We left the separated tours for an integrated panel discussion with Gerald, formerly of the IRA, Jim, UVF, and Lee, British army. What we learned there especially was how much violence and seething resentment may well have its source in economics: West Belfast presents two working class neighborhoods trapped without viable opportunities forward to security and pride but those offered freely and charismatically by the local gangs. UVF. IRA. If they’d replaced the factory at Mackey’s with a university, as once was maybe going to happen, rather than a wall, if someone had invested and provided both educational and economic opportunities rather than spending all that money on the Titanic Museum, what might have happened for these two communities?
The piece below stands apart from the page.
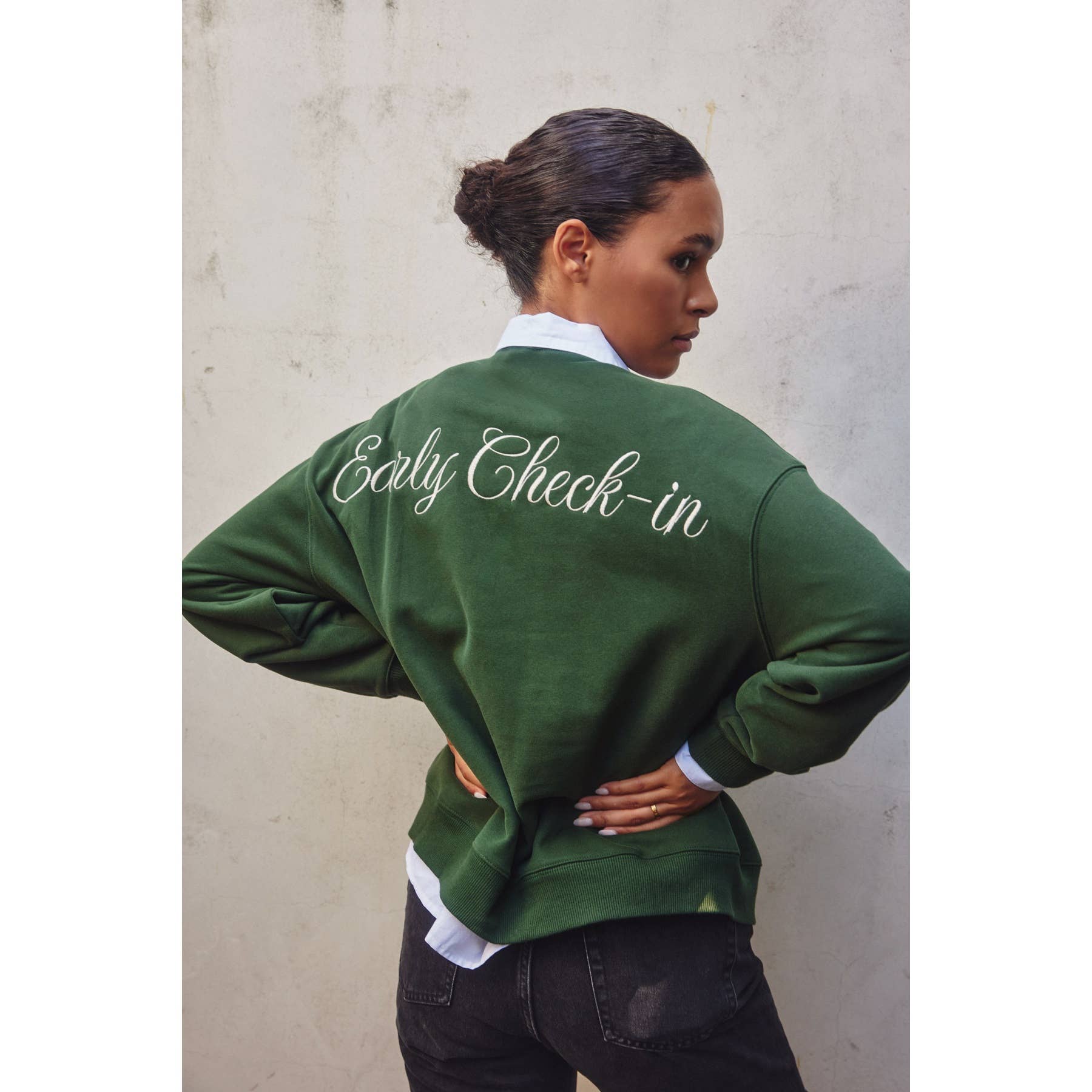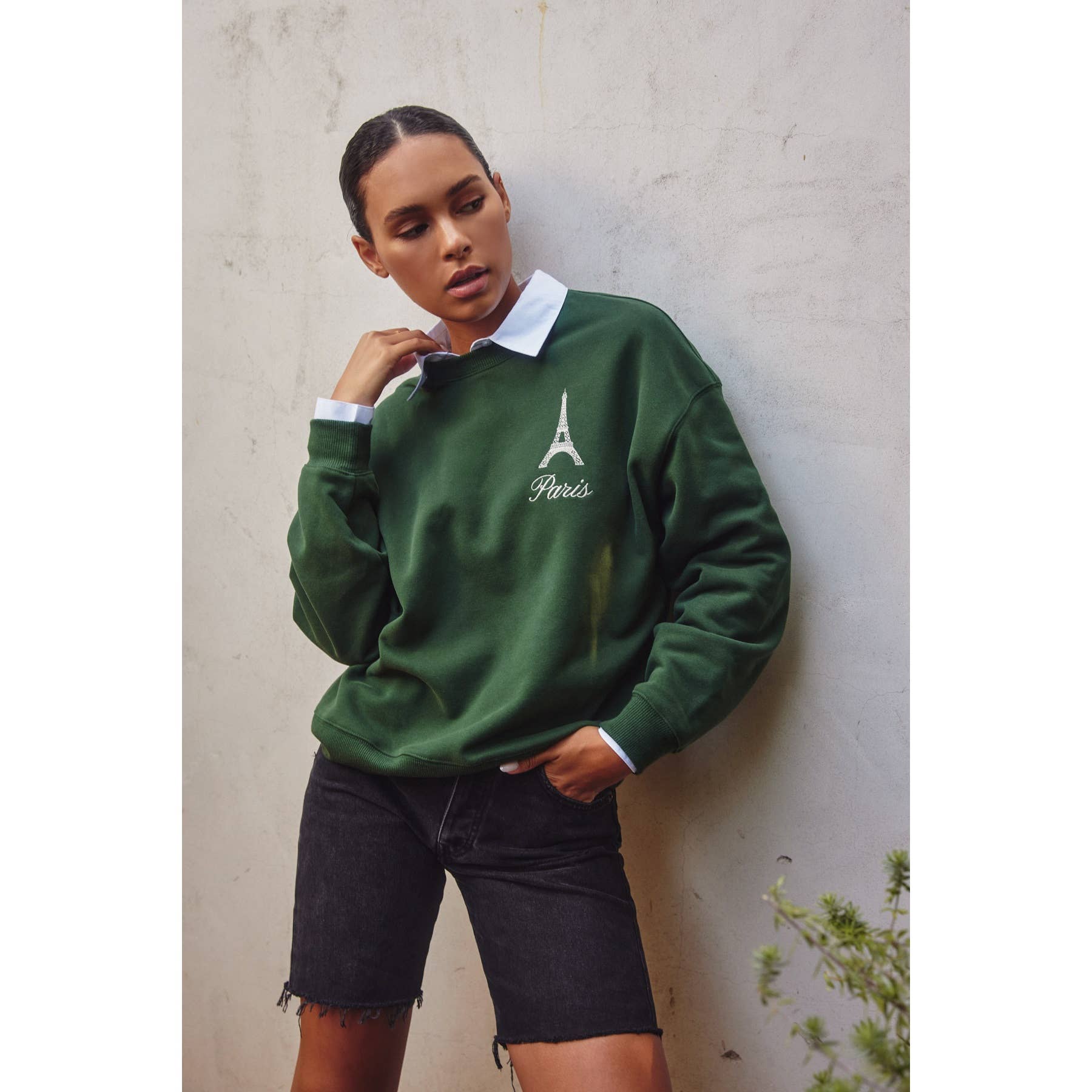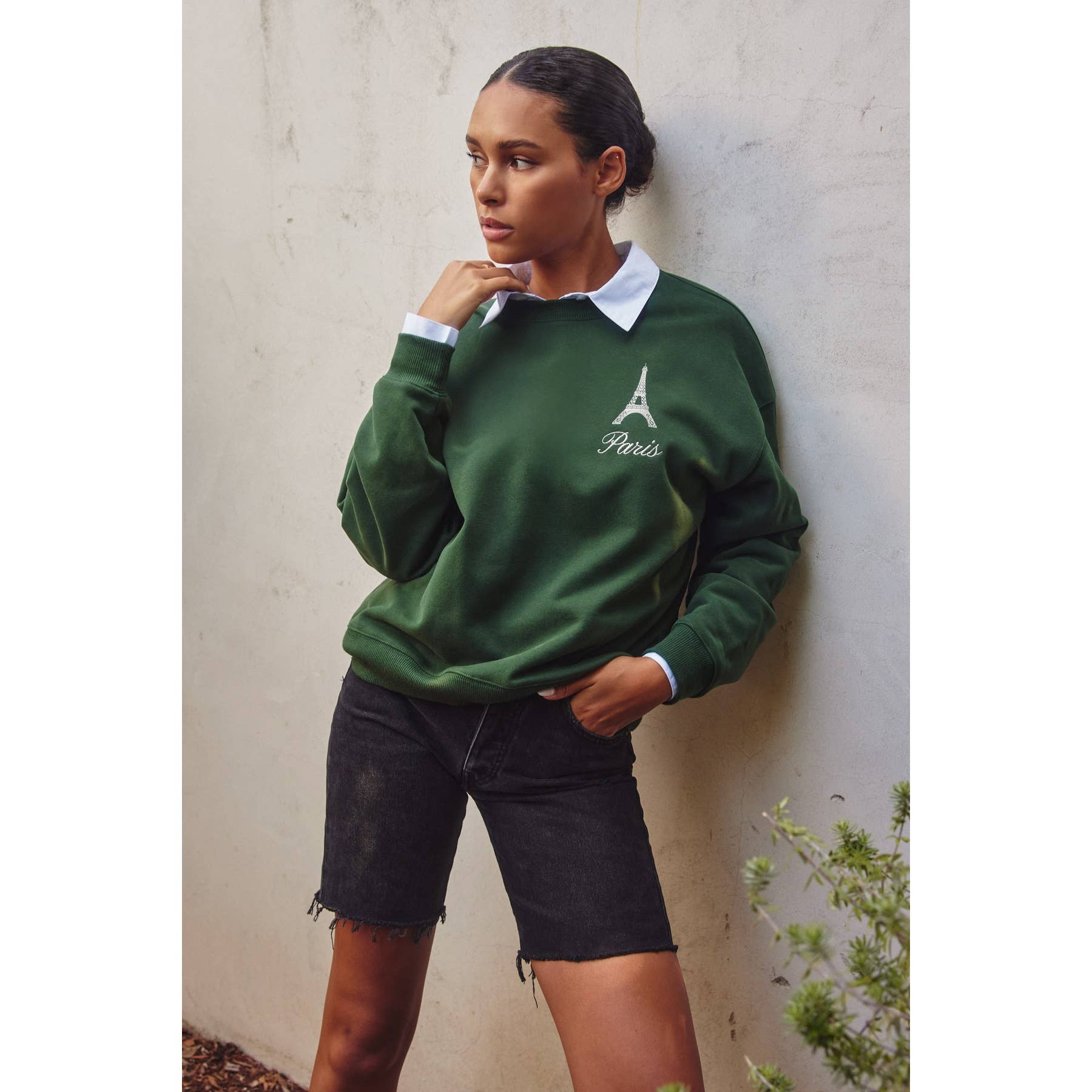 Travel-inspired embroidered sweatshirt. The model is wearing size Small. - Slightly oversized - High quality embroidery - Shell: 51% Polyester, 49% Cotton Contrast: 98% Cotton, 2%Spandex Lining: None

Lee, the former British soldier, said he had more in common with Gerald and Jim as working class men desperate for purpose than he did with his own Boris Johnson (that vile dog with a face only two cousins could create). Instead, we are drawn to these militaries and paramilitaries, where we are brutalized and punished until we learn to respond quickly to orders; we are pumped with righteous patriotism; and we learn the mindset of we’re good, they’re other.
This post integrates material from both the entry corresponding to the Coiste event two years ago and a post from South Africa in 2018.